L'INOCULATION du virus de la vaccine Ankara modifié (MVA) semble constituer une solution d'avenir, sûre et efficace, pour la vaccination antivariolique. Deux études menées sur des modèles animaux, le singe et la souris, viennent en effet de démontrer que le MVA induit une réponse immunitaire similaire à celle obtenue avec les vaccins antivarioliques classiques, sans pour autant engendrer autant d'effets secondaires délétères. Ce vaccin serait particulièrement intéressant pour les personnes immunodéprimées, les enfants et les femmes enceintes, pour lesquels le rapport bénéfice/risque relatif à l'emploi d'un vaccin antivariolique classique est inférieur à un.
Il est en outre apparu qu'en prévaccinant par le MVA, avant de vacciner à l'aide du vaccin antivariolique classique, l'intensité des effets secondaires associés au vaccin classique est significativement diminuée.
En conséquence, les auteurs de cette découverte proposent de prévacciner l'ensemble de la population contre le virus de la variole à l'aide du MVA. Selon leur théorie, cette prévaccination faciliterait la mise en place dans l'urgence d'une campagne de vaccination antivariolique le jour où une menace bioterroriste l'exigerait.

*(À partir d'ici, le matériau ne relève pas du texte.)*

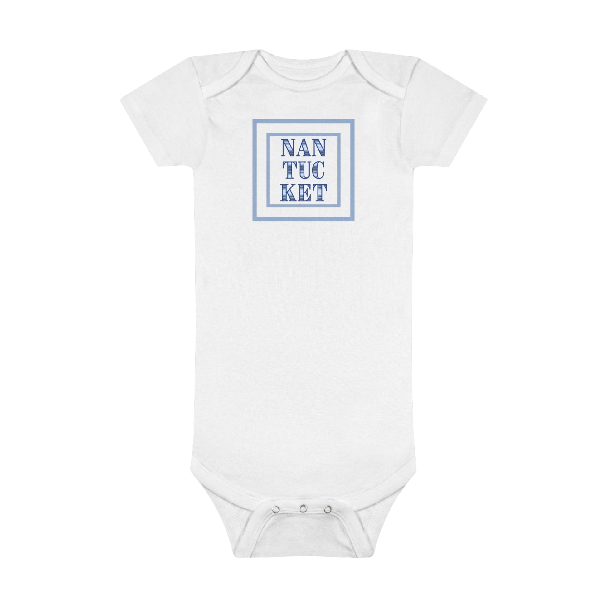 Our custom NAN TUC KET short-sleeve baby Onesie® in light blue, cornflower blue, and white is made from 100% cotton rib, which makes it perfect for newborns and toddlers. Dress your baby in the onesie and add a custom Nantucket blanket or towel, and you are set to go!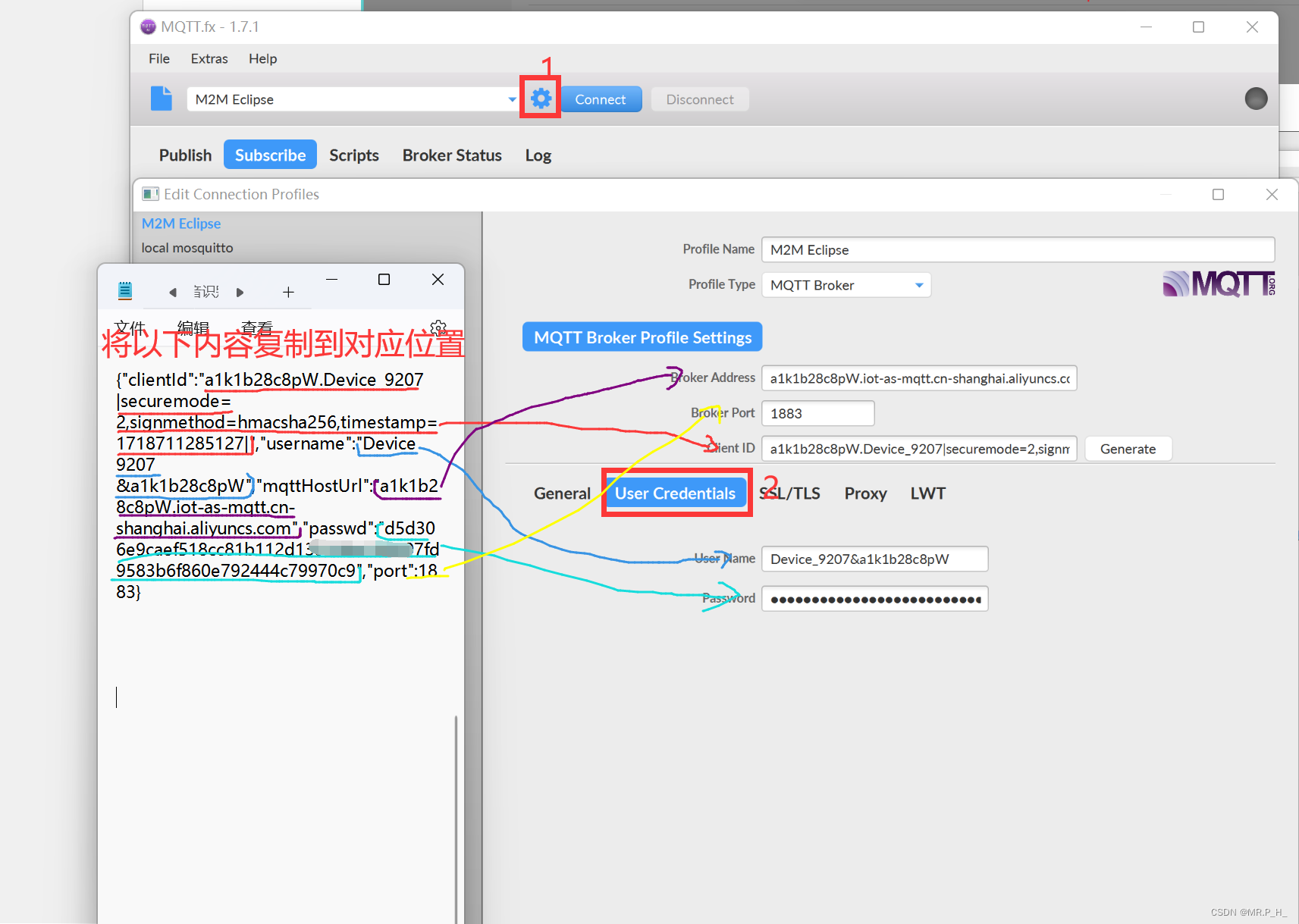 开始配置点击齿轮,选择user credentials复制对应内容后,点击下方的OK。

Les deux études à l'origine de ces résultats ont été réalisées au NIH de Bethesda (Maryland), avec la collaboration de chercheurs de l'armée américaine.
Le singe comme modèle.
Dans l'étude utilisant le singe comme modèle, Earl et coll. ont réparti 24 animaux en quatre groupes : le premier groupe a reçu deux injections de MVA à deux mois d'intervalle. Le second a reçu une injection de MVA suivie, deux mois plus tard, d'une injection du vaccin antivariolique classique. Le troisième groupe a reçu une seule injection du vaccin classique et le dernier groupe n'a reçu aucune injection.
A la suite de ces différents protocoles d'immunisation, les chercheurs ont dosé dans l'organisme des quatre groupes d'animaux la quantité d'anticorps et de cellules T cytotoxiques dirigés contre le virus de la variole. Il leur est alors apparu que les singes immunisés à deux reprises par le MVA et ceux immunisés d'abord par le MVA, puis par le vaccin classique montrent une réponse immunitaire similaire à celle du groupe des animaux vaccinés à l'aide du vaccin classique. Par ailleurs, Earl et coll. ont observé que, contrairement aux singes qui ont reçu le vaccin classique, les animaux vaccinés ou prévaccinés par le MVA ne développent pas de lésion cutanée à la suite de leur immunisation.
De rares lésions cutanées.
Deux mois après la fin du protocole d'immunisation les chercheurs ont injecté le virus de la variole du singe aux 24 animaux de l'étude. Alors que les animaux du quatrième groupe (non immunisé) ont tous développé une forme sévère de la variole, les animaux des trois autres groupes ne sont pas tombés malades. De rares lésions cutanées ont cependant été observées chez les animaux n'ayant reçu que le vaccin MVA.
Dans l'étude menée chez la souris, Wyatt et coll. ont en outre testé le vaccin MVA sur des animaux immunodéficients, atteints soit dans leur immunité humorale, soit dans leur immunité cellulaire. Dans les deux cas, l'efficacité et la sécurité du vaccin ont pu être démontrées.
L'ensemble de ces résultats laissent envisager la généralisation de l'utilisation du MVA pour la vaccination antivariolique : ce vaccin paraît pratiquement aussi efficace que le vaccin classique et peut être utilisé sur des organismes immunodéprimés. Des études complémentaires permettront de déterminer la longévité de la protection conférée par le MVA et la dose de MVA idéale pour l'inoculation.
P. L. Earl et coll., « Nature » du 11 mars 2004, pp. 182-185 et L.S. Wyatt et coll. « Proc. Natl. Acad. Sci. USA », édition en ligne avancée.